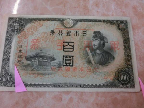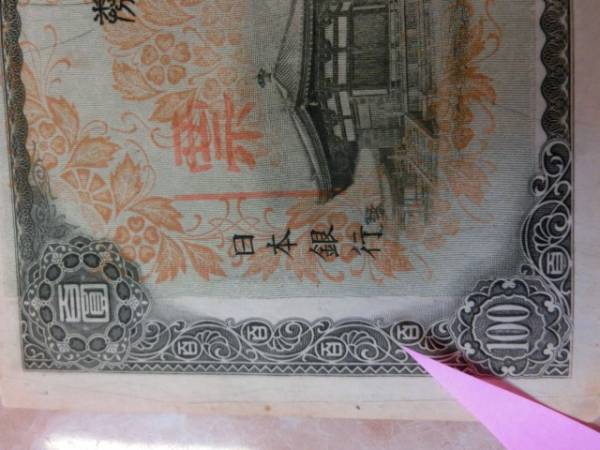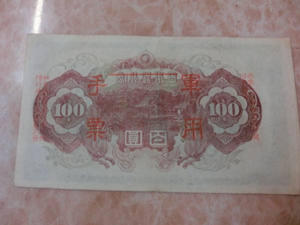 日華事変軍票 乙号100円で下地の印刷が左にズレ有りです。
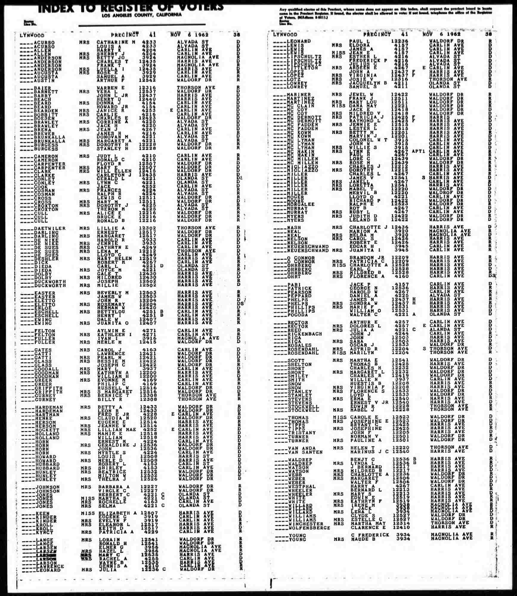 1960-1962 - 4216 Alvada Street, Los Angeles, Los Angeles County, California.
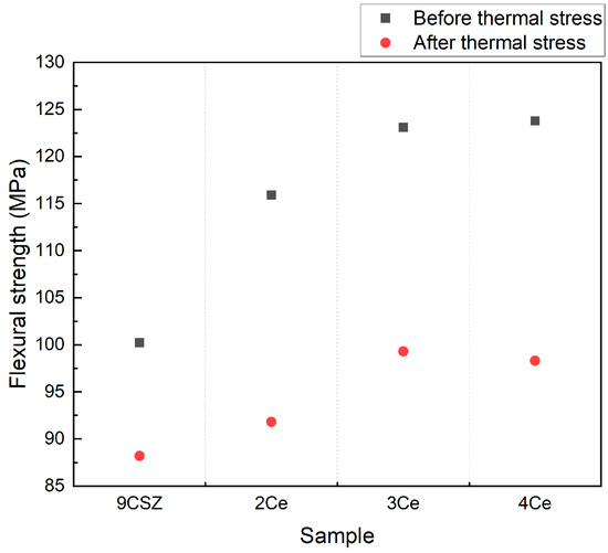 The flexural strength before and after thermal shock is shown in Figure 6. The flexural strength gradually increased with an increase in CeO2 doping content, and the flexural strength of all specimens decreased after thermal shock. Specifically, the flexural strength of 9 mol% CSZ before the thermal shock test was 100.23 MPa, while the flexural strength of 2–4 mol% CeO2-doped CSZ was 115.9 MPa, 123.1 MPa, and 123.8 MPa, respectively. After thermal shock, the flexural strength of 9 mol% CSZ was 88.2 MPa, and the flexural strength of 2–4 mol% CeO2-doped CSZ was 91.38 MPa, 99.3 MPa, and 98.3 MPa, respectively. The decrease in flexural strength of CeO2-doped CSZ after the thermal shock was greater compared to 9 mol% CSZ, but it still exhibited higher values than 9 mol% CSZ even after the thermal shock. The increase in flexural strength for 4 mol% CeO2-doped CSZ was smaller compared to 3 mol%-doped CSZ, which was consistent with the trends observed in the Vickers hardness results.
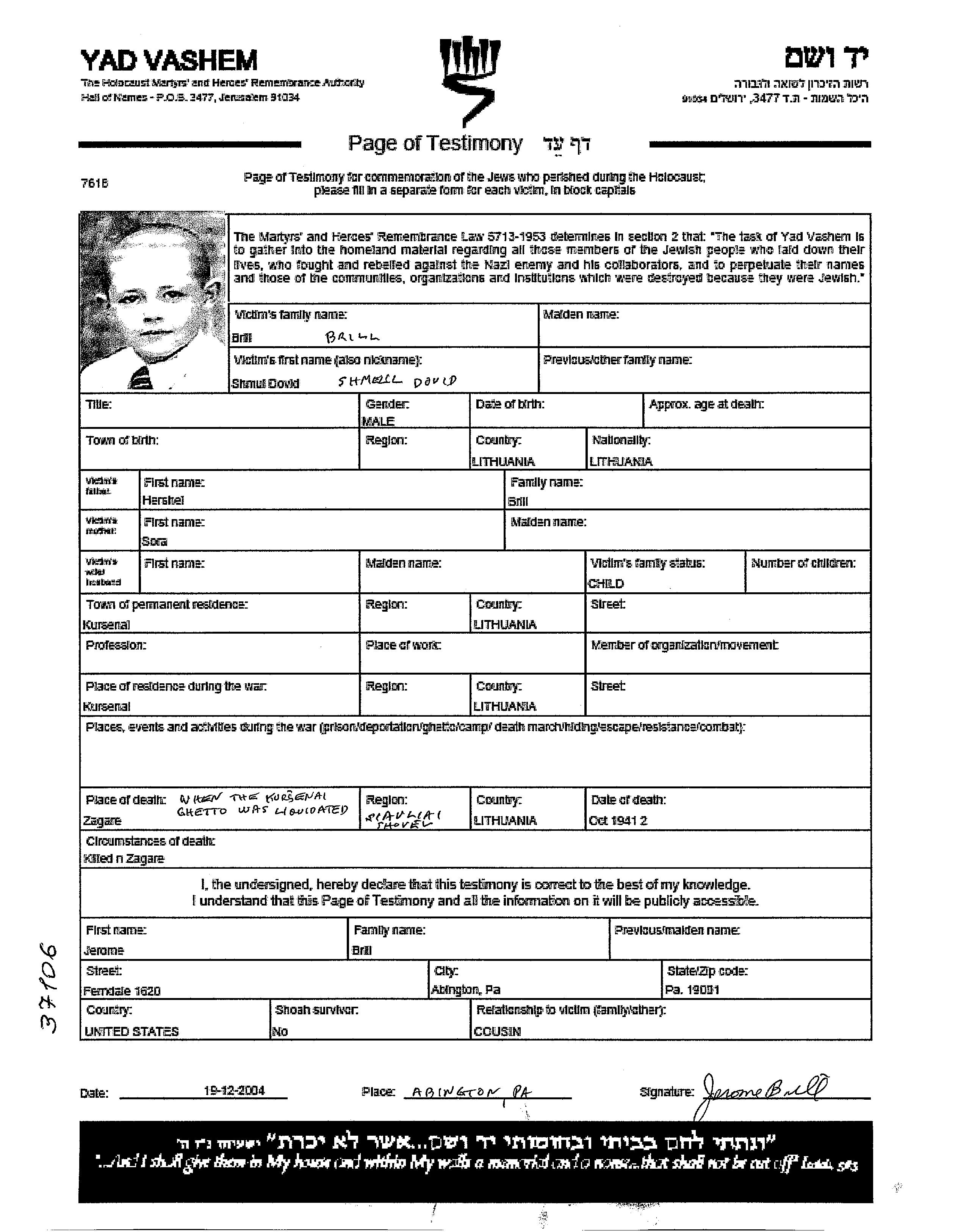 Brill | Dovid Shmul | Kuršėnai, Lituanie | Feuille de témoignage (digitale) | |
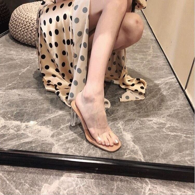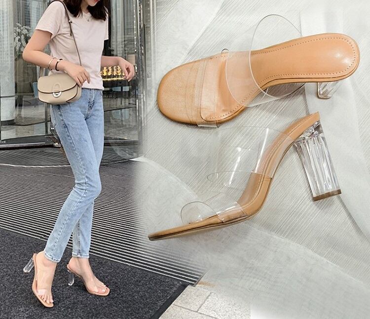 クリアサンダル オープントゥ ハイヒール スリッポン きれいめ カジュアル フェミニン セクシー お出かけ デイリー リゾート デート 女子会 夏 7cm 9cm
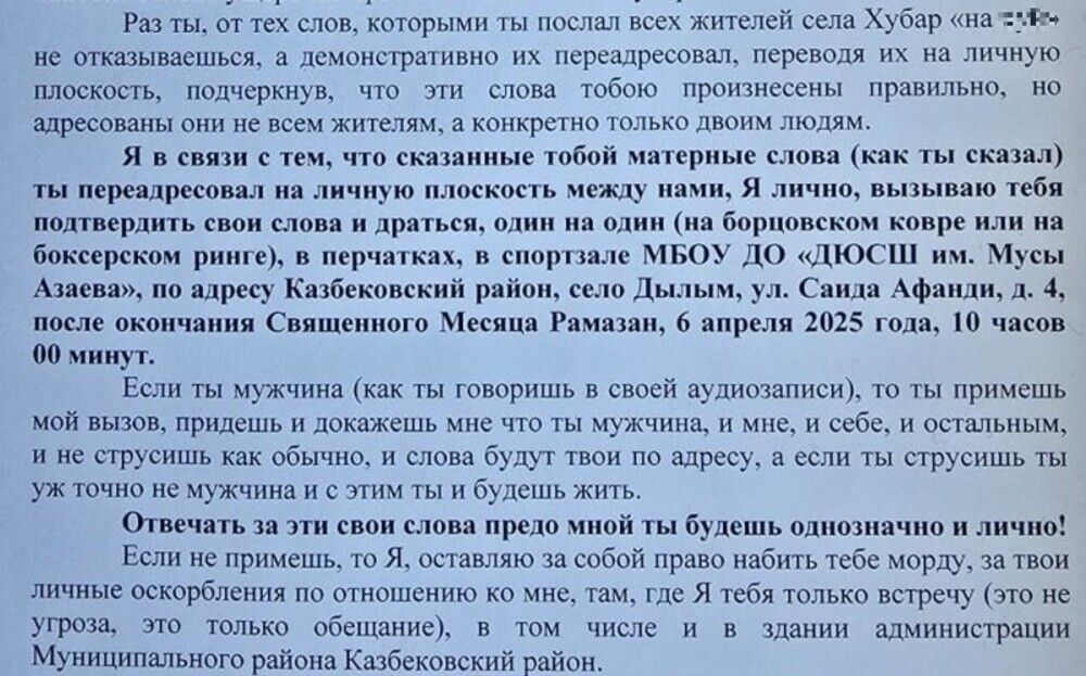 Разгорячённый оскорблением депутат уже начал готовиться:Я это дело так не оставлю. Как это: послал 2 тысячи человек, и никто не реагирует? Так же нельзя. Я утром и вечером бегаю, занимаюсь. Он был начальником милиции, человек физически и психологически должен быть подготовленным, но я не знаю, хватит ли у него мужества выйти на бой с обычным человеком.На дело уже обратил внимание глава Дагестана Сергей Меликов и пообещал прислать в район председателя правительства, чтобы тот всё выяснил на месте. Но пока подготовка к поединку идёт полным ходом.
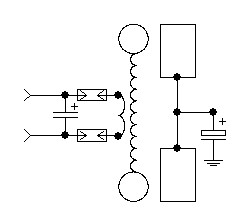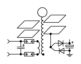 Если потенциал на концах ВВ катушки в противофазе (а скорее всего так и будет), то такая схема нерациональна - пластины надо разомкнуть и каждую на свою емкость, получится двуполярный источник
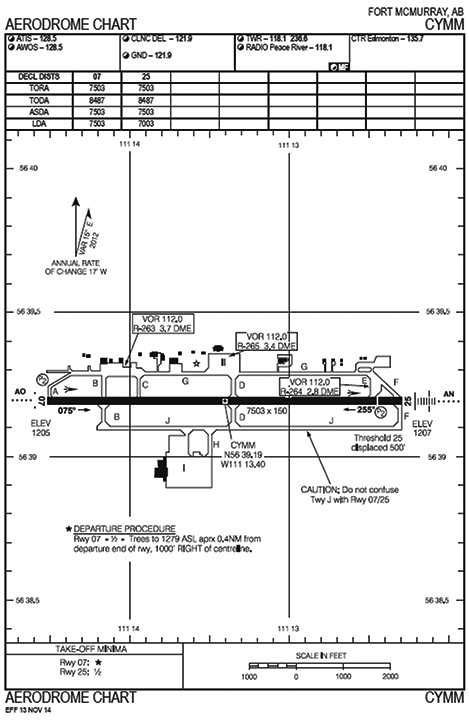 - On 13 November 2014 a CAUTION was added to the CAP Aerodrome Chart for CYMM to warn IFR pilots: “Do not confuse Twy J with Rwy 07/25.”
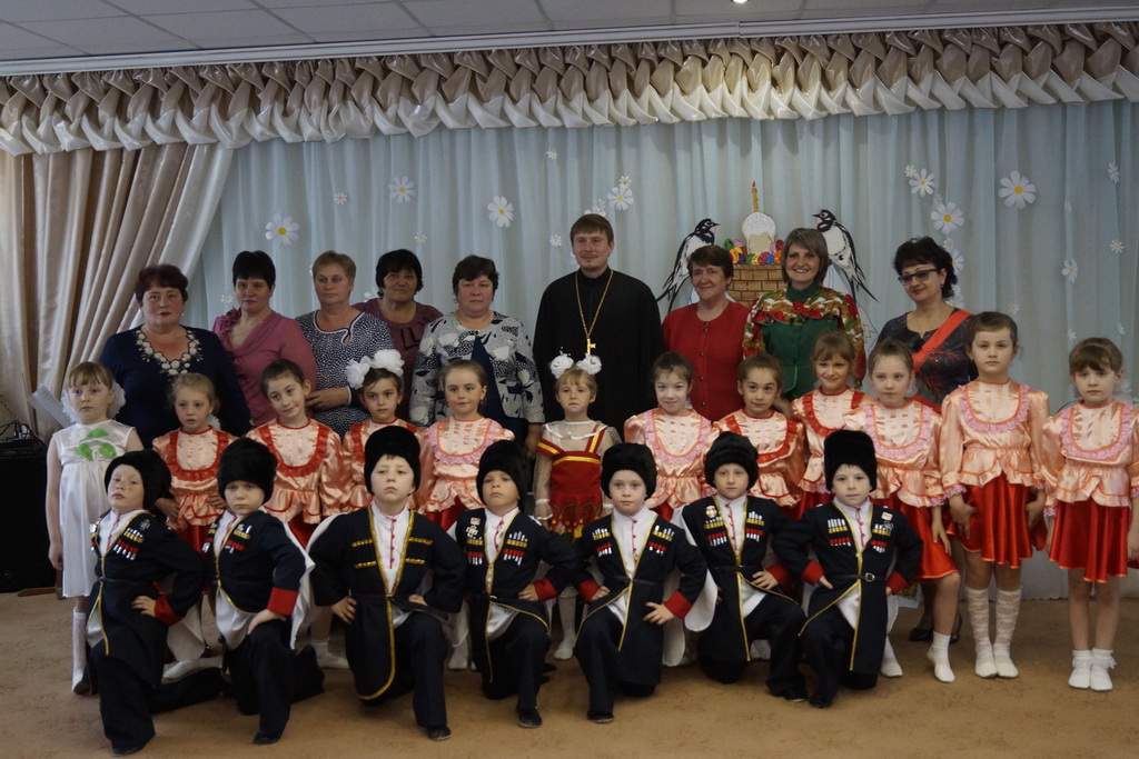 Дети рассказывали стихи, посвященные празднику, пели и танцевали. Поздравить маленьких станичников с праздником пришел настоятель Покровского храма станицы Кардоникской иерей Димитрий Бураков.
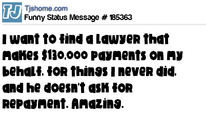 X says I want to find a lawyer that makes $130,000 payments on my behalf, for things I never did, and he doesn't ask for repayment. Amazing.
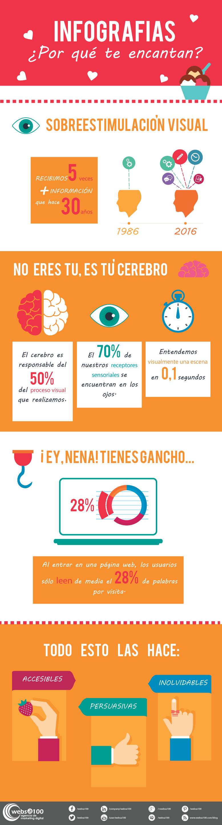En websa100 nos enloquecen las infografías, lo habrás notado, las usamos para transmitir la mayoría de la información, nos gustan porque transmiten muchos datos de una forma amena y sencilla. Hay algo mágico en ellas, por eso nos hemos preguntado ¿qué las hace tan fascinantes? A continuación te explicamos la ciencia detrás de ese amor que sientes por las infografías.
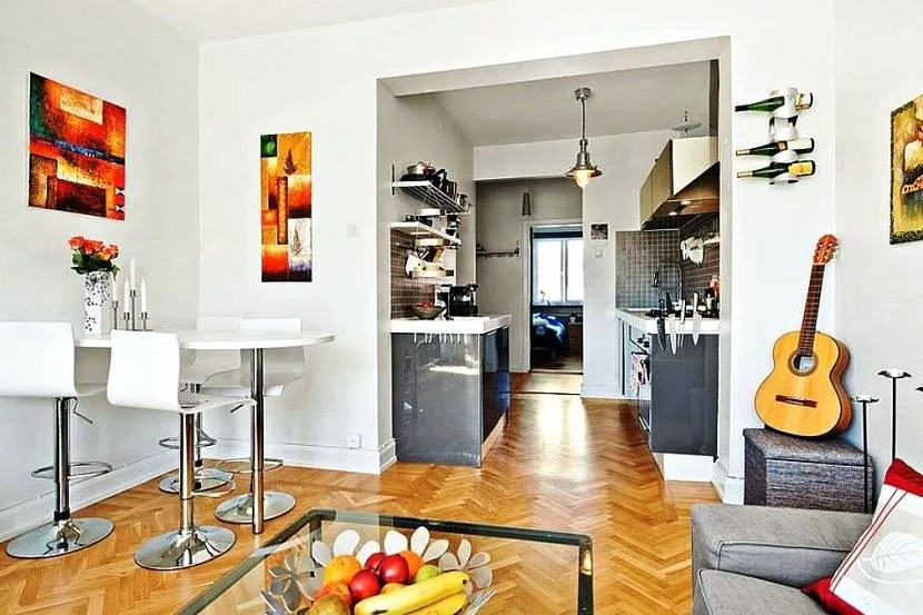 При этом вовсе не нужно на кухне и в зале клеить схожие обои или устанавливать одинаковое напольное покрытие. Такие зоны могут иметь разное декоративное оформление, но при этом они должны идеально сочетаться между собой.
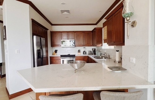Roomy 2000 sqft oceanfront 3 bed/2 bath condo in Los Suenos Resort overlooking Herradura Bay accommodating 8 guest with elevator access. Elegant views of Herradura Bay and Los Suenos marina from a large wrap-around terrace, the living area and master bedroom. Stunning sunset views and close encounters with exotic wildlife.

TASK BRIEF
Write out again exactly the lines above from the one with "- On 13 November" through the one with "X says I want", adding no other lines and no pictures.

ANSWER SECTION
 - On 13 November 2014 a CAUTION was added to the CAP Aerodrome Chart for CYMM to warn IFR pilots: “Do not confuse Twy J with Rwy 07/25.”
 Дети рассказывали стихи, посвященные празднику, пели и танцевали. Поздравить маленьких станичников с праздником пришел настоятель Покровского храма станицы Кардоникской иерей Димитрий Бураков.
 X says I want to find a lawyer that makes $130,000 payments on my behalf, for things I never did, and he doesn't ask for repayment. Amazing.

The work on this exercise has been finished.